Read Into the Green Page 12


  And Edrie had squeezed her husband's hand, for Paeter had the Summerblood in him, Hafarl's gift. It made him gentle, though strong. A poet, though he tilled the earth. It drew guests such as the three red-haired Summerborn who visited this evening, stopping at night before they traveled on.

  "Today we are all that's left of the old magic," the tale-teller went on. "Our small echo of the gift sets us well apart from those around us. But in the old days, when the Blood ran strong, there was yet a deeper magic still— held by those who knew the calling-on magic, born of threes. Tinker, harper and witch. Moon, music and the stoneworks of old.

  "Triads."

  Looking at the clothing she held, Edrie remembered.

  Triads.

  Like the woman whose room this was.

  Tinker, harper and witch.

  Did she know the old calling-on magic, born of threes? Could she wake the green and use its strength to put an end to that horror on the Hill? Aron Corser with his spiderweb of power that let him do as he willed, to whom he willed.

  Tears glistened in Edrie's eyes.

  For that old memory brought back more than the tale told by a red-haired Summerborn. It brought back the features of a man who died because he carried a sacred gift in his soul that set him apart from his fellows. A man set upon by his once-friends who'd been fanned into a witch-hunting fury by an itinerant priest. A man hung from a tall oak tree, his fingers broken and burned while he spun slowly from the hemp rope.

  Paeter. Her husband.

  Edrie wiped her eyes on her sleeve and returned the clothing and harp to the journeybag, the bag to its place under the bed. She stood and stepped quickly to the door, the room still blurry in her sight. The door swung open easily, but she paused before going through, wiping her eyes a second time before she looked about the small tired room.

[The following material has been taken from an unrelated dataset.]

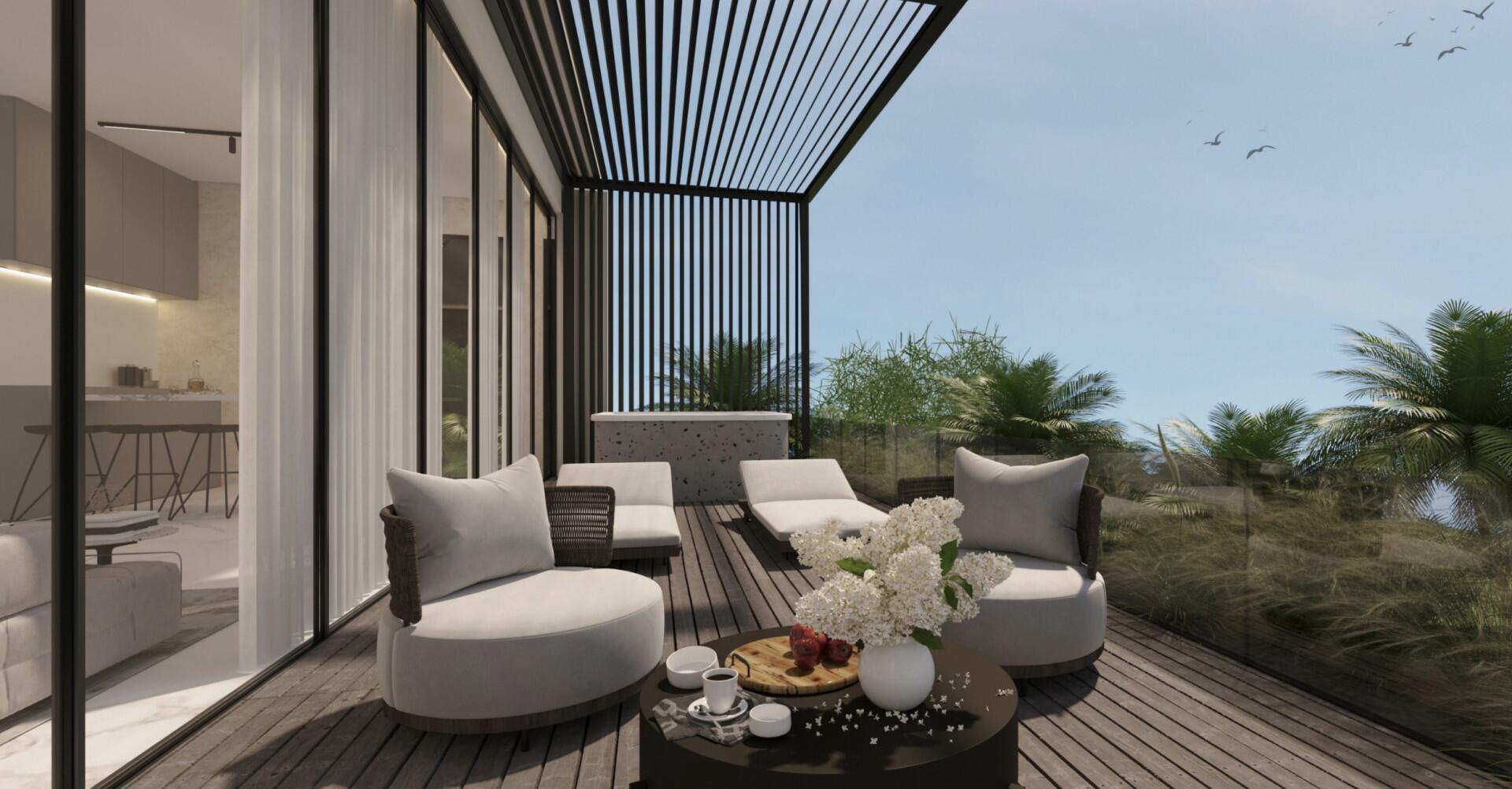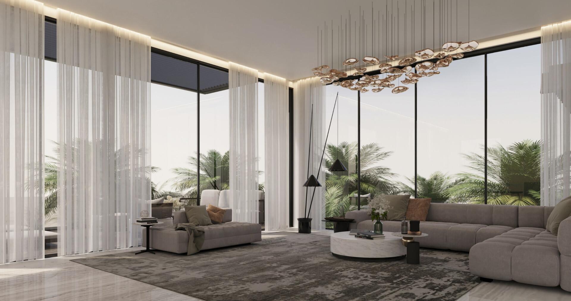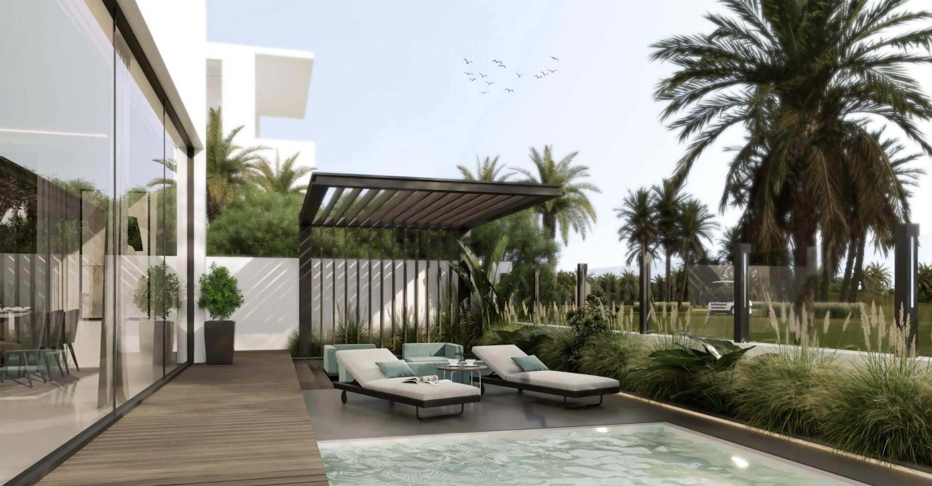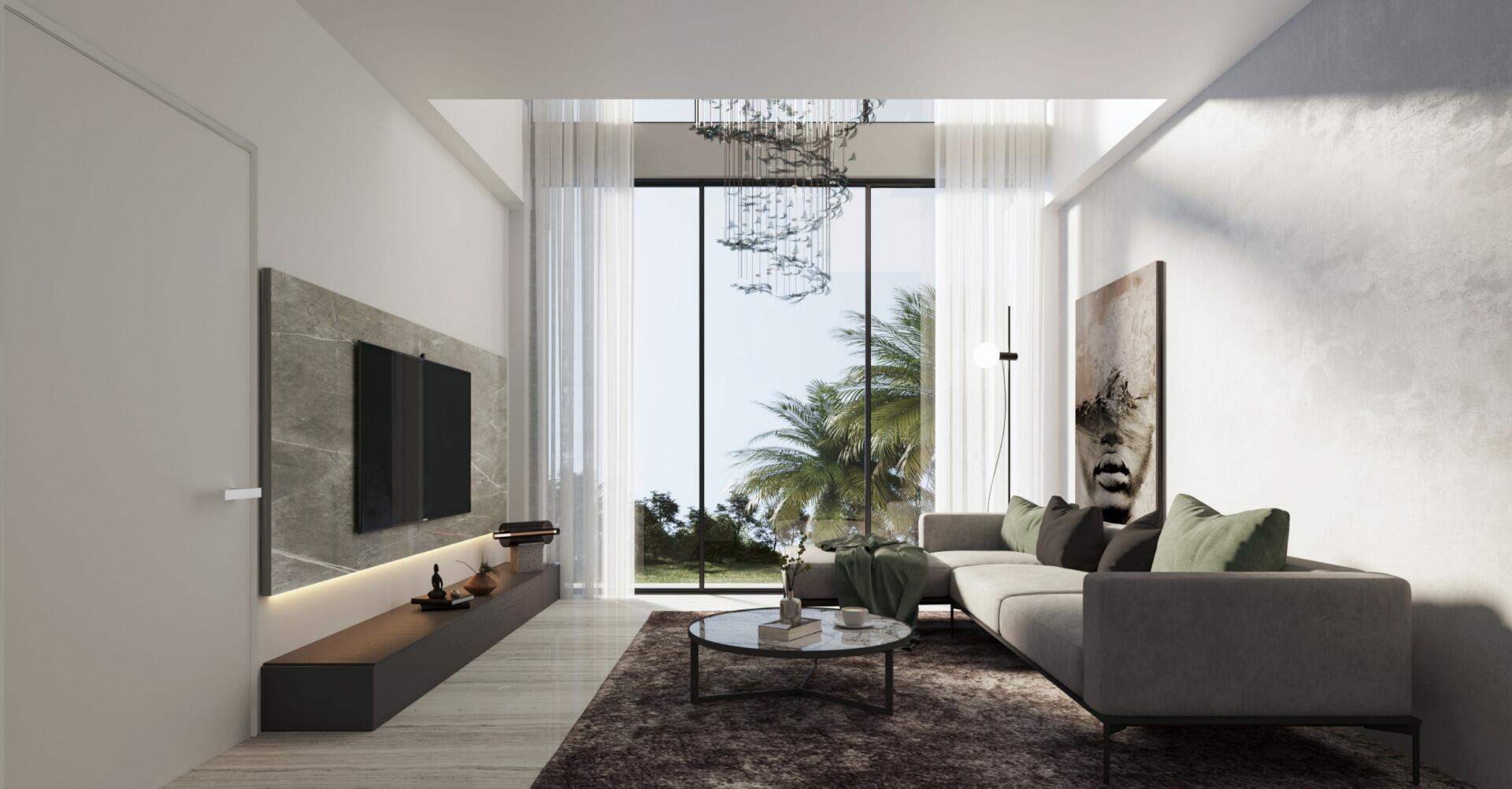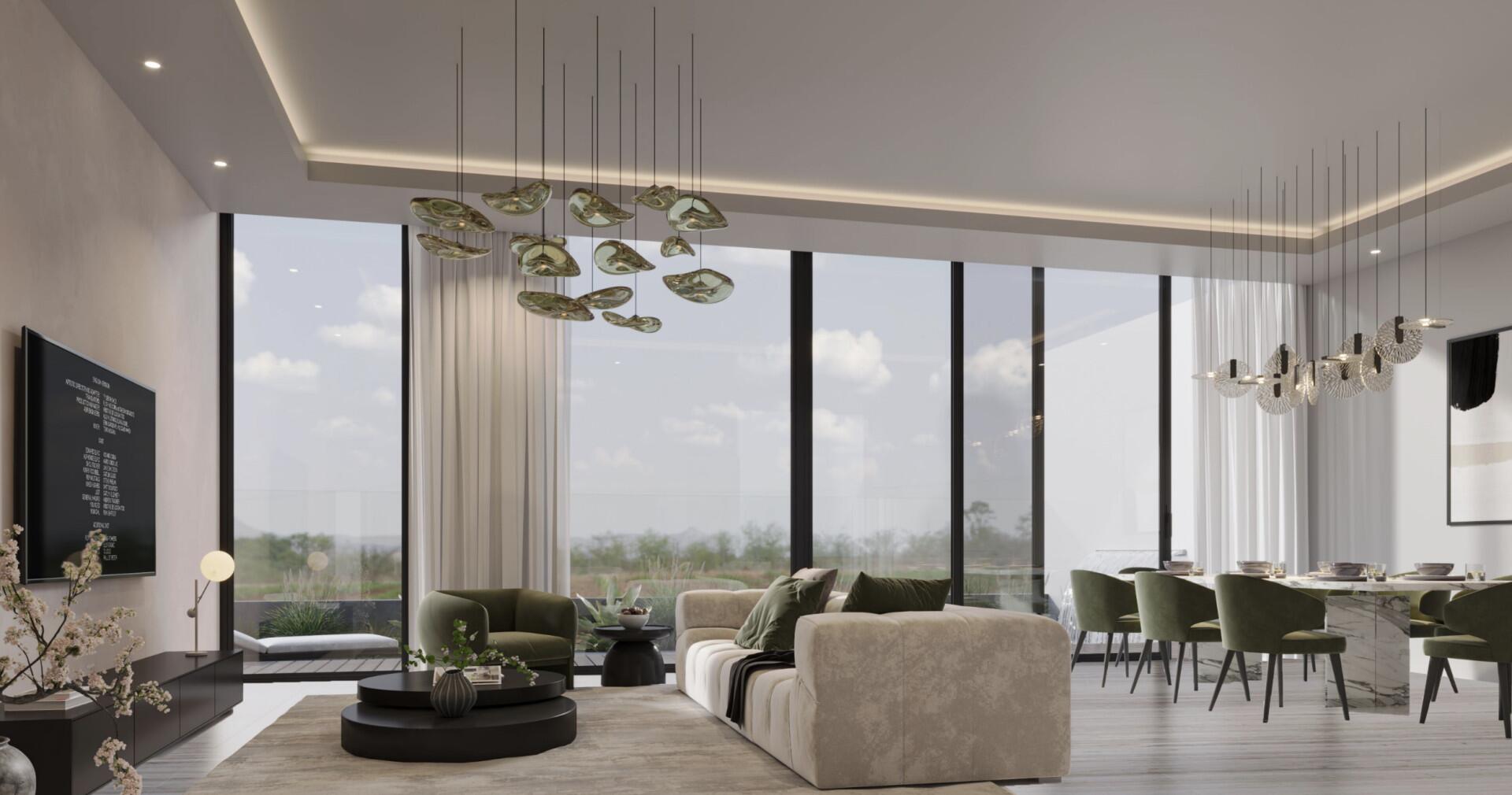 TERRA's villas boast breathtaking, uninterrupted views of the lush golf course, showcasing a minimalist yet elegant design. Neutral colors and essential materials accentuate the natural beauty, enhanced by luxurious finishes.

  She could have helped her, Edrie thought. She could have guested Ann Netter like a queen.

  Instead she'd sent the girl off, alone into danger. Arn!

  Where to begin to look for her? She could be anywhere.

  Edrie stepped into the hall. As she began to close the door, she paused as a smudged handprint on the doorjamb caught her gaze. A child's handprint. An urchin's dirt.

  And she remembered.

  How Johnny Tow had come by the inn that afternoon, looking for the penny promised him by Owen. A penny's worth of information concerning a fishergirl.

  Had Tow come back to see what profit he could make from the girl himself? Led her off with his Lowtown lies, no doubt. Delivering her to the Upright Man for Arn knew what purpose...

  She shut the door quickly and started down the hall, only to find her way blocked by a tall rakish figure. Lammond d'es Teillion himself.

  "Edrie Doonan," he said. "What a pleasure. It appears we have a mutual friend."

  He made a quick half-bow as he spoke. Edrie gave him a careful once-over, trying to decide if he were mocking her or not, then shrugged.

  "Maybe we do," she said. "If she lives out the night."

  "What do you mean?" Lammond demanded, his grey eyes darkening.

  "I've a feeling the Upright Man's got her."

  "I think not. What would he want with a simple fishergirl?"

  Maybe, Edrie thought; more's to the point, what do you want with her?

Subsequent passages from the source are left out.